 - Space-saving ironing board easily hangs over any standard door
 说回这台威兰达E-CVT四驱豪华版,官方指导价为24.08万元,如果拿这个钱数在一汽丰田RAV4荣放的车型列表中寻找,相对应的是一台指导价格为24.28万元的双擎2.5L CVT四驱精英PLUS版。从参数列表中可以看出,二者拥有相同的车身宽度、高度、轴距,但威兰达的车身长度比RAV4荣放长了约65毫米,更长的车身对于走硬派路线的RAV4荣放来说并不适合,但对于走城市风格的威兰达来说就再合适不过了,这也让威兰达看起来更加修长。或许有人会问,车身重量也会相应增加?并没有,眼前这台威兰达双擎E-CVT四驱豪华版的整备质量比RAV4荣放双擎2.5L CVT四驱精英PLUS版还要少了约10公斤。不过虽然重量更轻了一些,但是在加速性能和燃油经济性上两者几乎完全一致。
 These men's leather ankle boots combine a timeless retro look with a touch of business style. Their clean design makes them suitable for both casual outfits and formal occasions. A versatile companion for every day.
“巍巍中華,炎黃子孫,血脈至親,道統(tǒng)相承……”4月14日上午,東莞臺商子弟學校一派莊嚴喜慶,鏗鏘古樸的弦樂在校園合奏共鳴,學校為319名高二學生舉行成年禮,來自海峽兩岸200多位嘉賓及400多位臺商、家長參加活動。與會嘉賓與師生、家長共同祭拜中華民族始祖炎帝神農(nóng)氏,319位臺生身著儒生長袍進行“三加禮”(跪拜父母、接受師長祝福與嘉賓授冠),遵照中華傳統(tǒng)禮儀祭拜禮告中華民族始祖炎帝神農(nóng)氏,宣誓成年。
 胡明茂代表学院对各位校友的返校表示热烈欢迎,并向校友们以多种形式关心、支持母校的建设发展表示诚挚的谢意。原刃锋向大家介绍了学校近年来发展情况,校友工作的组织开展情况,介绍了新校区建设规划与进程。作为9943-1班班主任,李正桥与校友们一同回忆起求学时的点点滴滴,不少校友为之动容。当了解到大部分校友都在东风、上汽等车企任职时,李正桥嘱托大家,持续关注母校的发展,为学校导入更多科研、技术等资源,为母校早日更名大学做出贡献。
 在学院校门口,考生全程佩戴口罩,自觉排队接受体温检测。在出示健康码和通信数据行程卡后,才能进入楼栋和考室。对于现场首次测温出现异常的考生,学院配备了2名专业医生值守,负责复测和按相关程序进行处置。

..........

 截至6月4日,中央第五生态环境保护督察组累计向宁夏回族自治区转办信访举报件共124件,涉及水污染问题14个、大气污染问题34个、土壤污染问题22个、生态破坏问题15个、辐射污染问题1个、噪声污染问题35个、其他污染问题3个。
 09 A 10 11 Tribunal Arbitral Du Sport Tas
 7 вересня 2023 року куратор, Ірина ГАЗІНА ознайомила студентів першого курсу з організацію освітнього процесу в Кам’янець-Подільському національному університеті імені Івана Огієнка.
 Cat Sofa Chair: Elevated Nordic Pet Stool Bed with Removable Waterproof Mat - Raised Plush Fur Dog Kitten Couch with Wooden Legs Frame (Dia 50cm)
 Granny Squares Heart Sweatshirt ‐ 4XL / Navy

..........

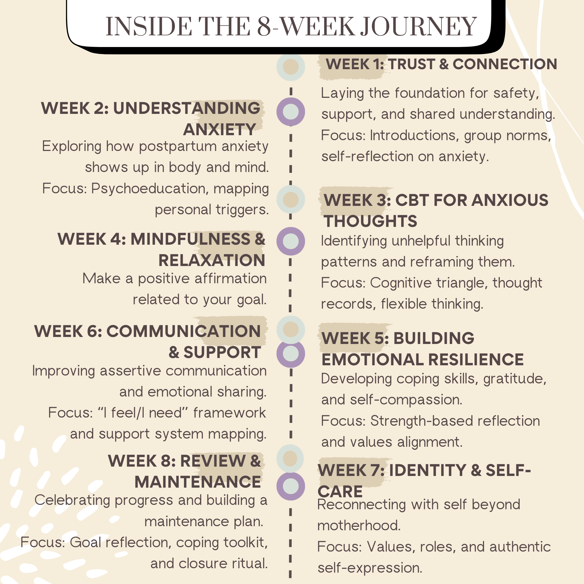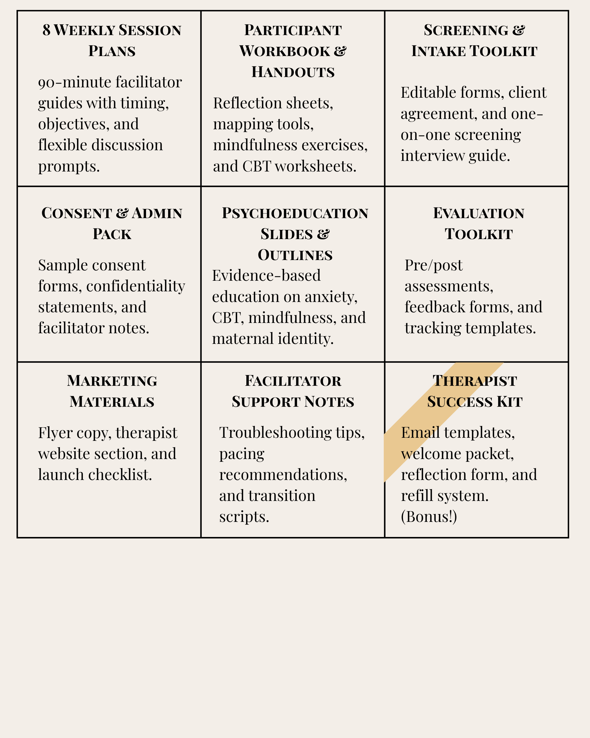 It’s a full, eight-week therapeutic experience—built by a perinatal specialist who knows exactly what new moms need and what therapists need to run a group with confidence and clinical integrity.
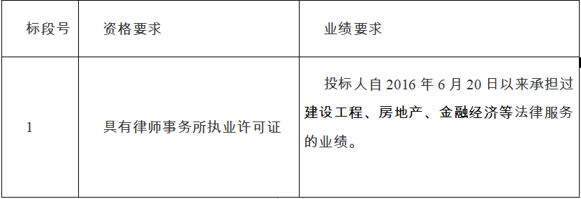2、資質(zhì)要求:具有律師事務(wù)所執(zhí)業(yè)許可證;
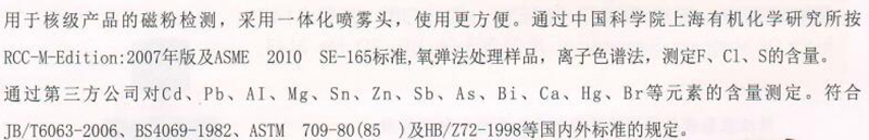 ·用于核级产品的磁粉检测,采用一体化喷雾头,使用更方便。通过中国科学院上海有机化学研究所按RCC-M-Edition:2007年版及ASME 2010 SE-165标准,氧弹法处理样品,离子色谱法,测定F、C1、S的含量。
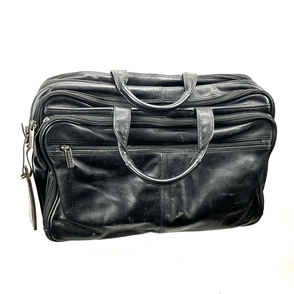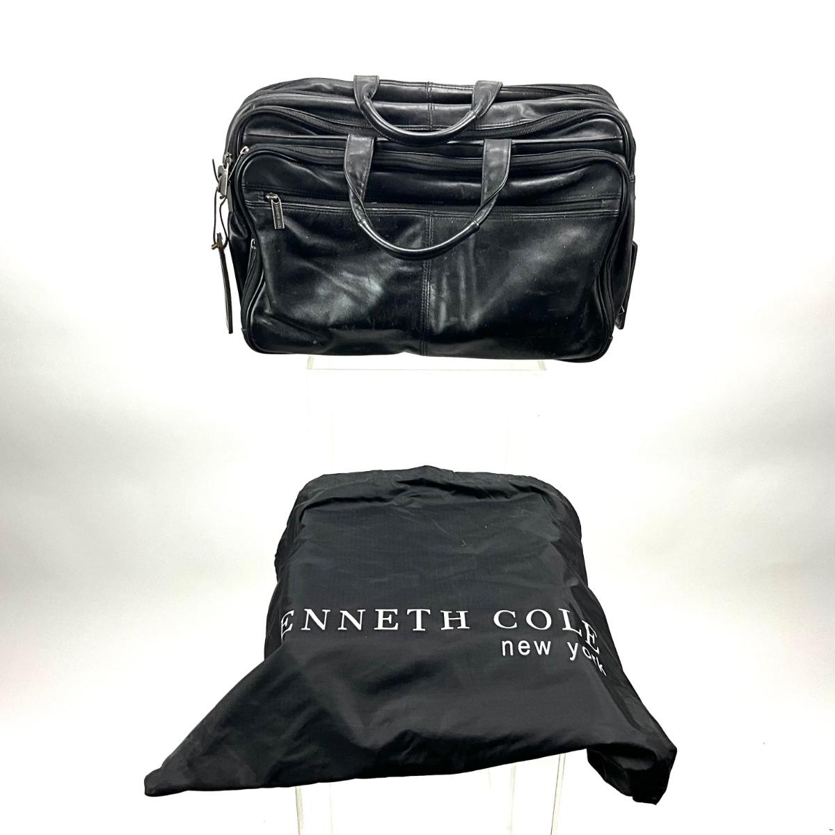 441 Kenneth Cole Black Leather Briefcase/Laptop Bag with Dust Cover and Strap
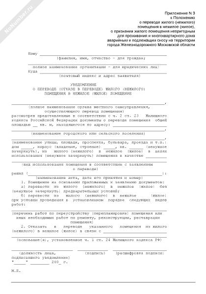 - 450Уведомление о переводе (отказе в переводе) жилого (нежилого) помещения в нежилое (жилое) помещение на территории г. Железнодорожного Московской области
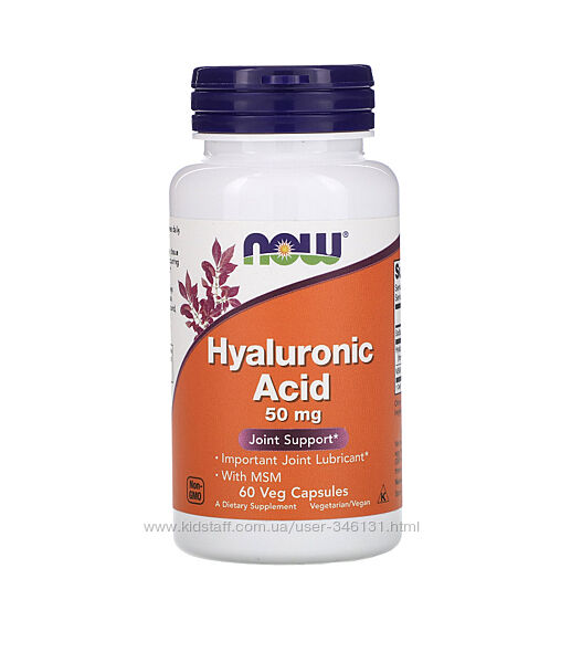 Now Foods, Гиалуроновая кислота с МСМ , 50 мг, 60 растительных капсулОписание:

..........

» EXERCISE:
The required answer is the exact run of lines above starting at the line with "截至6月4日,中央第五生态环" and ending at the line with "Granny Squares Heart Sweatshirt ‐ 4XL / Navy", with both ends present.

» ANSWER AREA:
 截至6月4日,中央第五生态环境保护督察组累计向宁夏回族自治区转办信访举报件共124件,涉及水污染问题14个、大气污染问题34个、土壤污染问题22个、生态破坏问题15个、辐射污染问题1个、噪声污染问题35个、其他污染问题3个。
 09 A 10 11 Tribunal Arbitral Du Sport Tas
 7 вересня 2023 року куратор, Ірина ГАЗІНА ознайомила студентів першого курсу з організацію освітнього процесу в Кам’янець-Подільському національному університеті імені Івана Огієнка.
 Cat Sofa Chair: Elevated Nordic Pet Stool Bed with Removable Waterproof Mat - Raised Plush Fur Dog Kitten Couch with Wooden Legs Frame (Dia 50cm)
 Granny Squares Heart Sweatshirt ‐ 4XL / Navy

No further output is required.